:: Records for the task ::
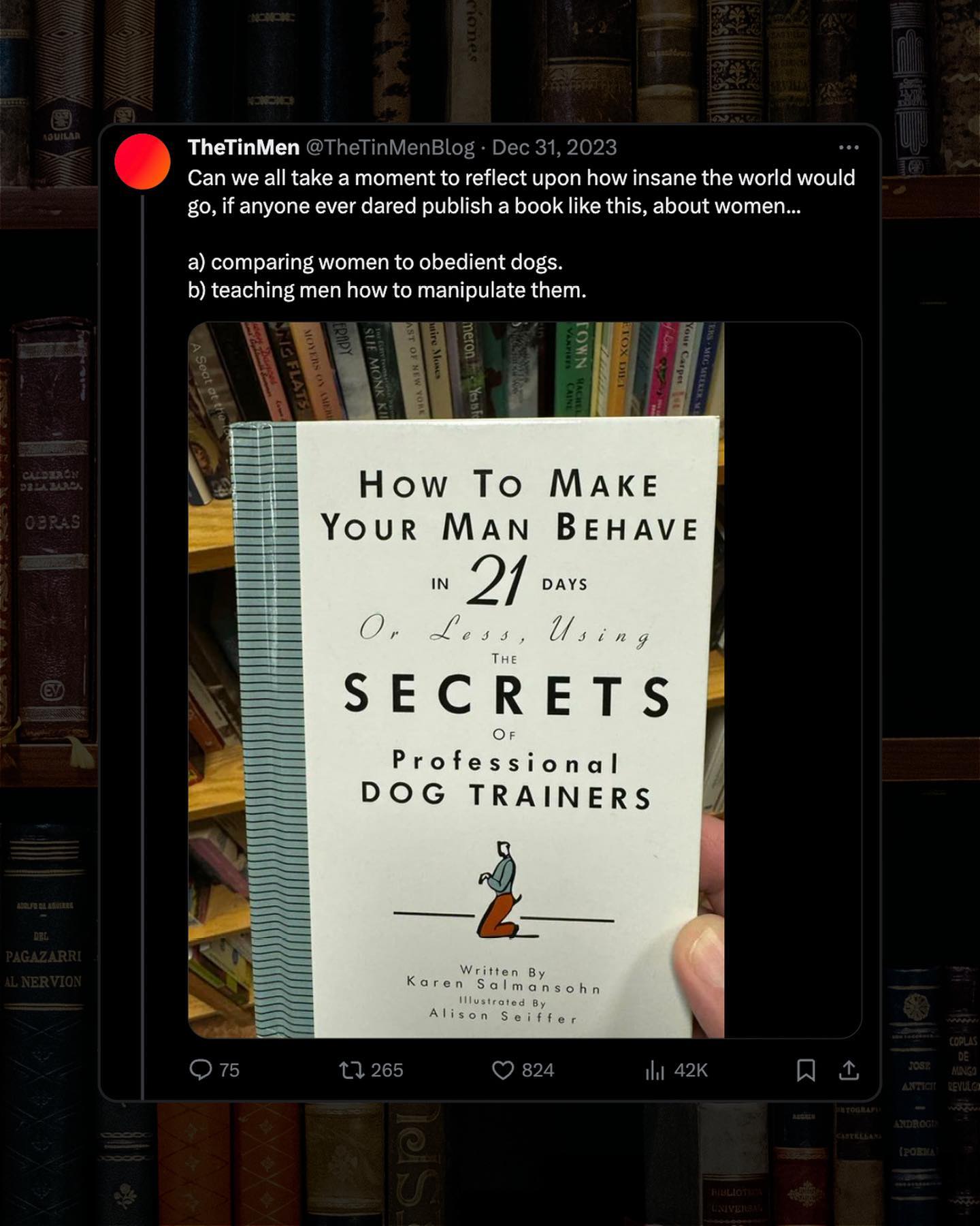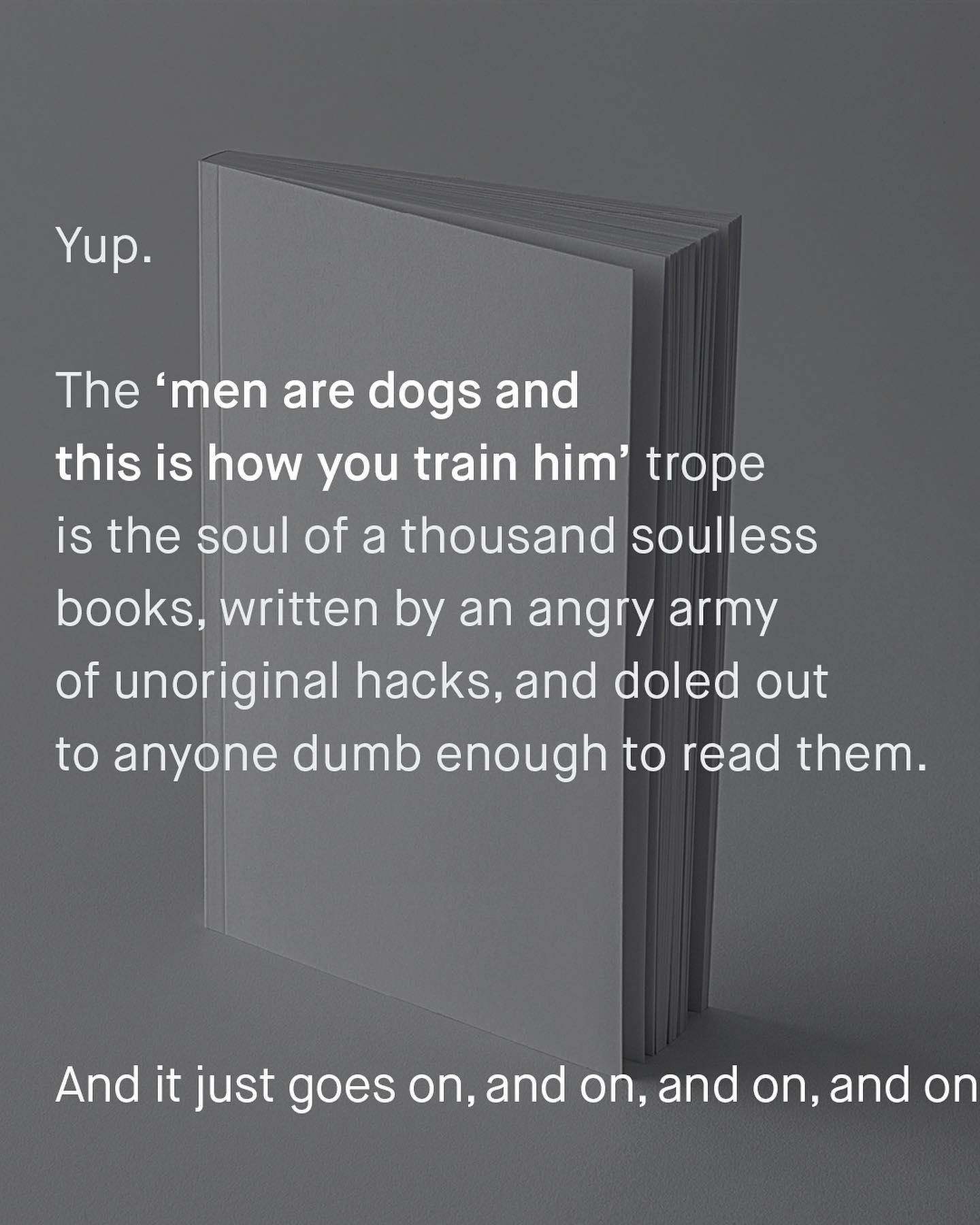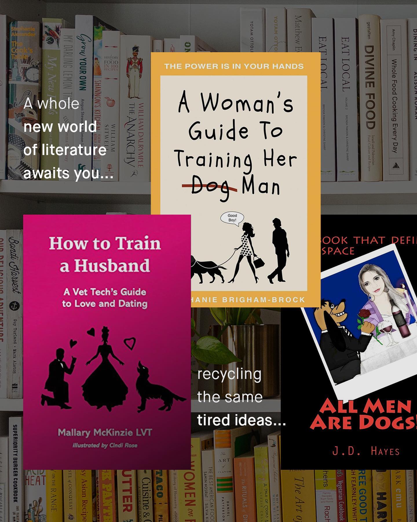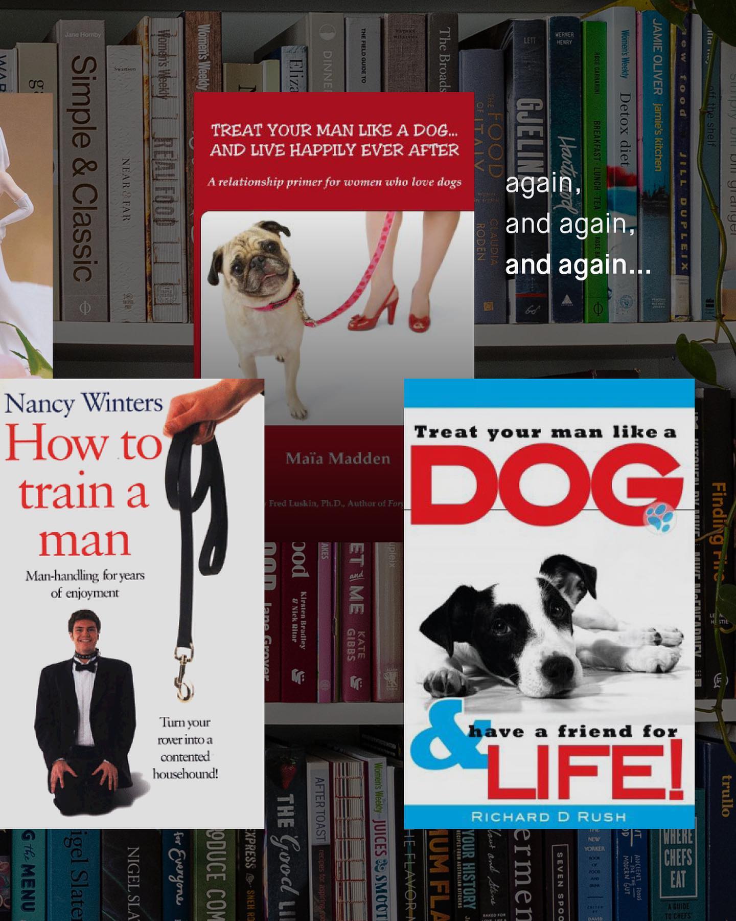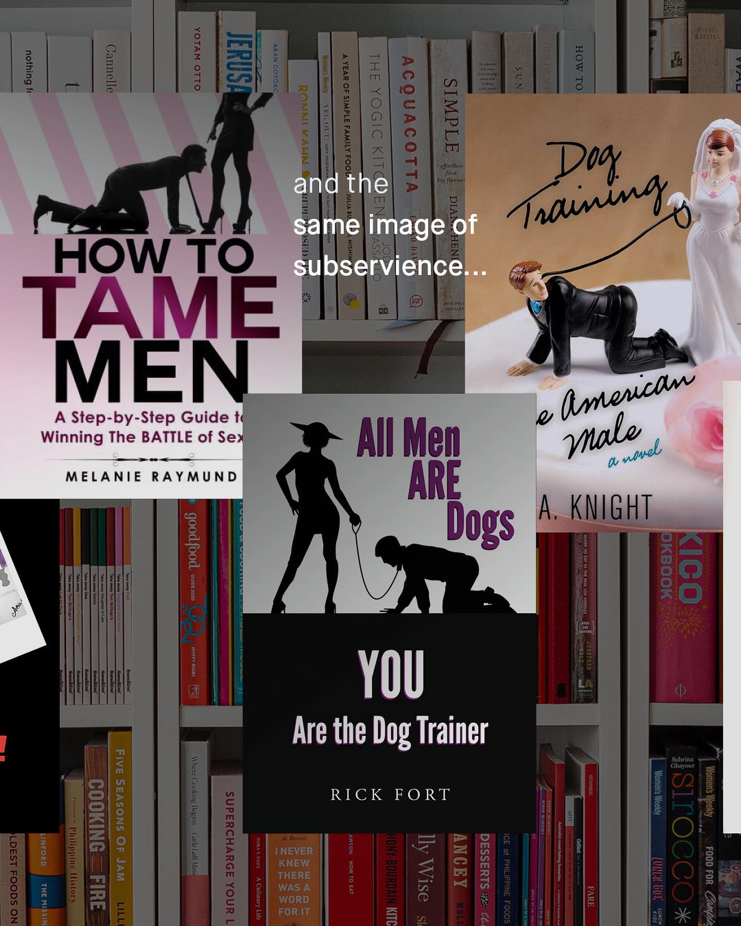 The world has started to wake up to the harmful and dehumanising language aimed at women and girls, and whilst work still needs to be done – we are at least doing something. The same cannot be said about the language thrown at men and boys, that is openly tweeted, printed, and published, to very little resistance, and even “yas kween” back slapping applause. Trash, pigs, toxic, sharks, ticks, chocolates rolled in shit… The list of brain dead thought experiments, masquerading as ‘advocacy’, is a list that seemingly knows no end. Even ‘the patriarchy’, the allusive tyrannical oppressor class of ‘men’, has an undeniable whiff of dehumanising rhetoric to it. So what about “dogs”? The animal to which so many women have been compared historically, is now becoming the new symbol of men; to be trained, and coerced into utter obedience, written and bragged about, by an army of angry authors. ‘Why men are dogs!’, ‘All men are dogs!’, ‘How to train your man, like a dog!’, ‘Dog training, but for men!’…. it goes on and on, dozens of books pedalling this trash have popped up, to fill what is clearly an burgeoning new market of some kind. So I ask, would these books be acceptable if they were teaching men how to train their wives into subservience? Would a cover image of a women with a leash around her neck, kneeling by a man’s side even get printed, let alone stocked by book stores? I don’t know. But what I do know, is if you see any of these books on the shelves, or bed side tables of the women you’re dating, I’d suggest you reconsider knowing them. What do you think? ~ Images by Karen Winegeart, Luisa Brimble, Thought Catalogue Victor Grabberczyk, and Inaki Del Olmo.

* * *

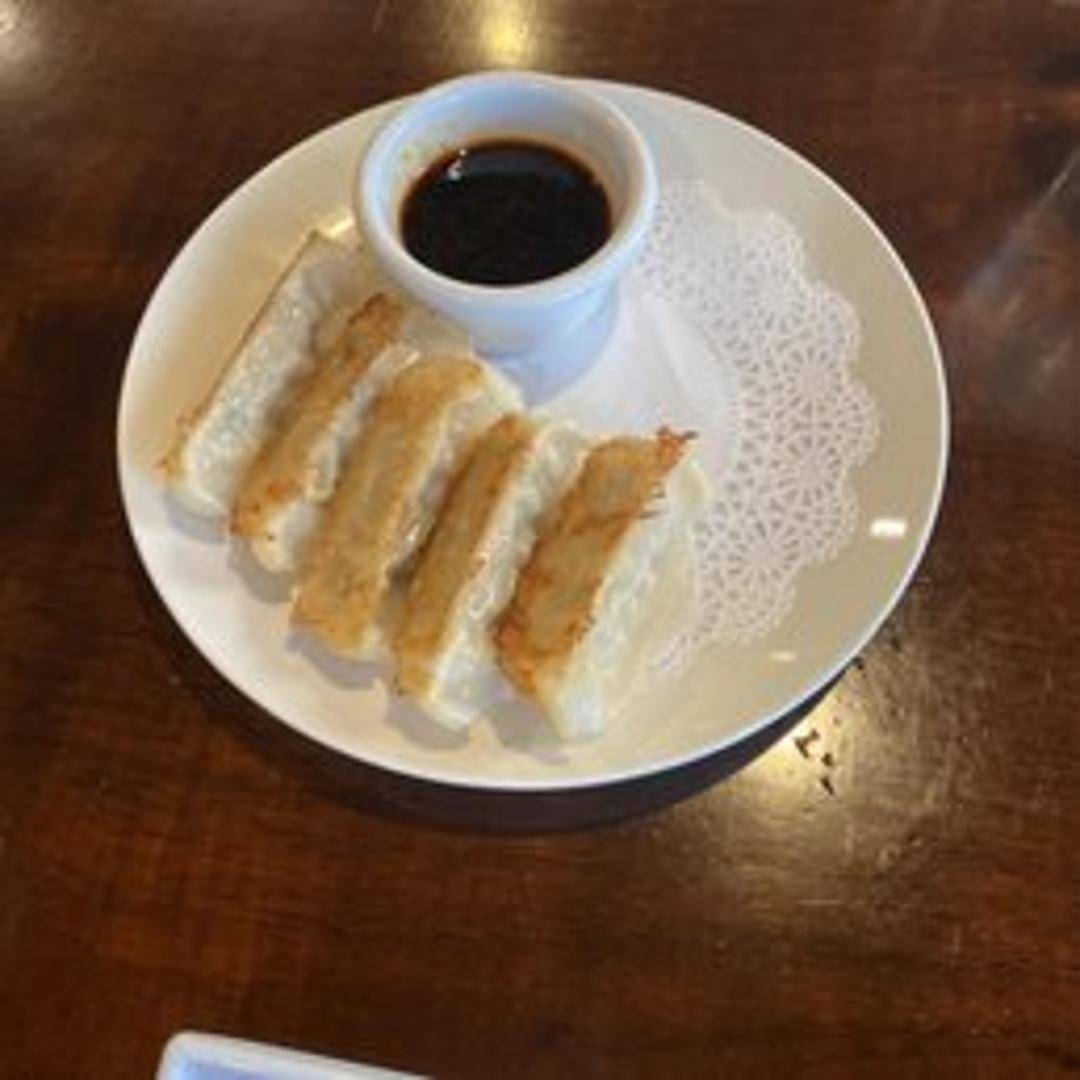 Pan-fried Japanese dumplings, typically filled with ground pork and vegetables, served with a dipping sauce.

--

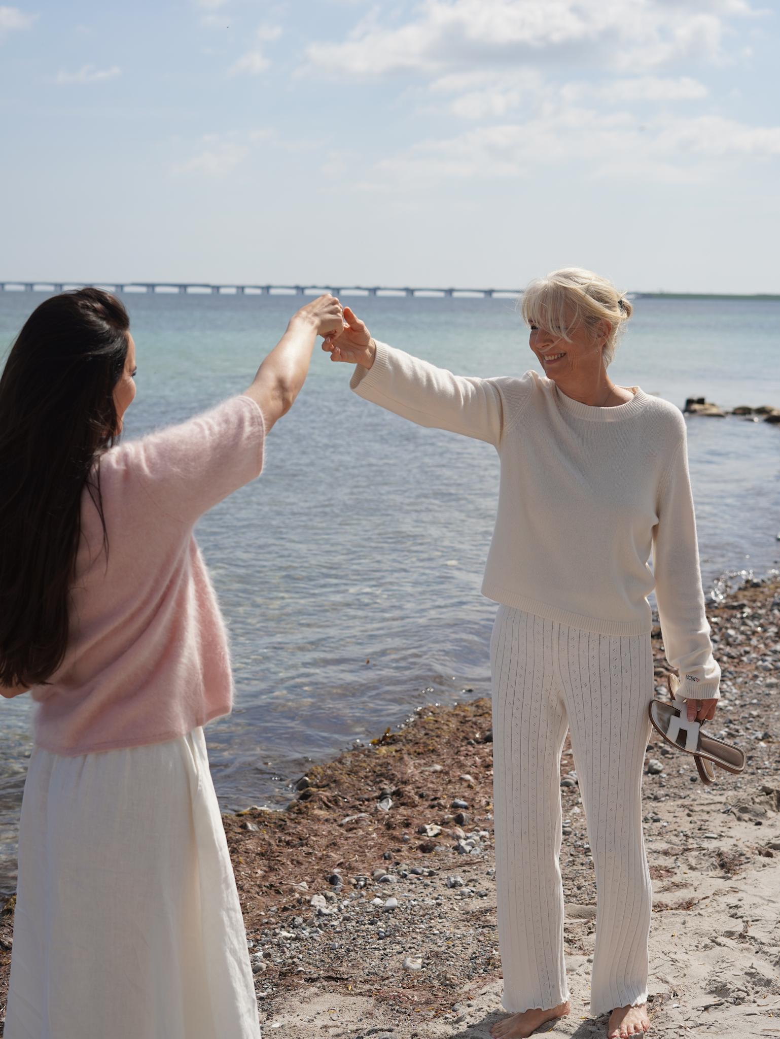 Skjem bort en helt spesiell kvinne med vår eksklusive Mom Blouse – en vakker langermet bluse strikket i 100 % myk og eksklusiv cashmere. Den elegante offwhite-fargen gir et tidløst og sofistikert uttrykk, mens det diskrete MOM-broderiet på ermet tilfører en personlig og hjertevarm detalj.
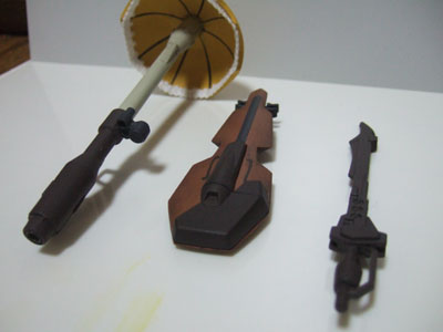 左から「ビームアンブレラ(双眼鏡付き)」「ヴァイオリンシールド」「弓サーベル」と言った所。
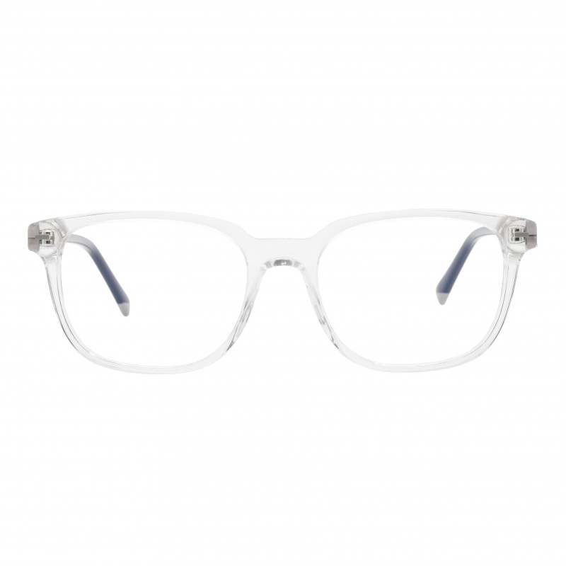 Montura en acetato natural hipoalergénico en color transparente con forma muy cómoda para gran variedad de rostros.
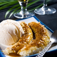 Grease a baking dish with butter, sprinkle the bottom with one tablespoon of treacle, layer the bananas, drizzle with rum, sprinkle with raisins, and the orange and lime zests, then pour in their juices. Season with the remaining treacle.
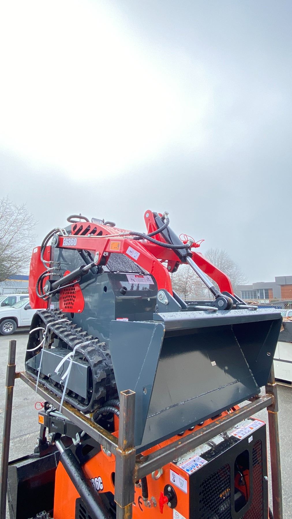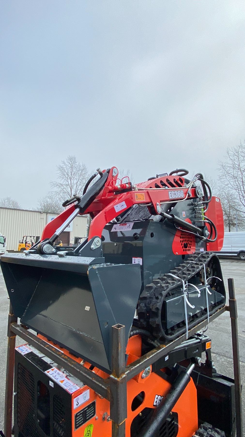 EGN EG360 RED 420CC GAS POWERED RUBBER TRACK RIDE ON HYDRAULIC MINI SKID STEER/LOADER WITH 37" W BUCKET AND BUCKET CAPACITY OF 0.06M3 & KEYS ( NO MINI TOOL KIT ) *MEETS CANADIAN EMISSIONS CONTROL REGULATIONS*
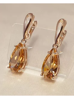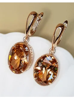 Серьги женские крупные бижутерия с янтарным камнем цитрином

:: Problem statement ::
From the data above, return exactly the lines from the one with "Grease a baking" up to and including the one with "Серьги женские крупные". Pictures do not go in the copy.

:: Problem solution ::
 Grease a baking dish with butter, sprinkle the bottom with one tablespoon of treacle, layer the bananas, drizzle with rum, sprinkle with raisins, and the orange and lime zests, then pour in their juices. Season with the remaining treacle.
 EGN EG360 RED 420CC GAS POWERED RUBBER TRACK RIDE ON HYDRAULIC MINI SKID STEER/LOADER WITH 37" W BUCKET AND BUCKET CAPACITY OF 0.06M3 & KEYS ( NO MINI TOOL KIT ) *MEETS CANADIAN EMISSIONS CONTROL REGULATIONS*
 Серьги женские крупные бижутерия с янтарным камнем цитрином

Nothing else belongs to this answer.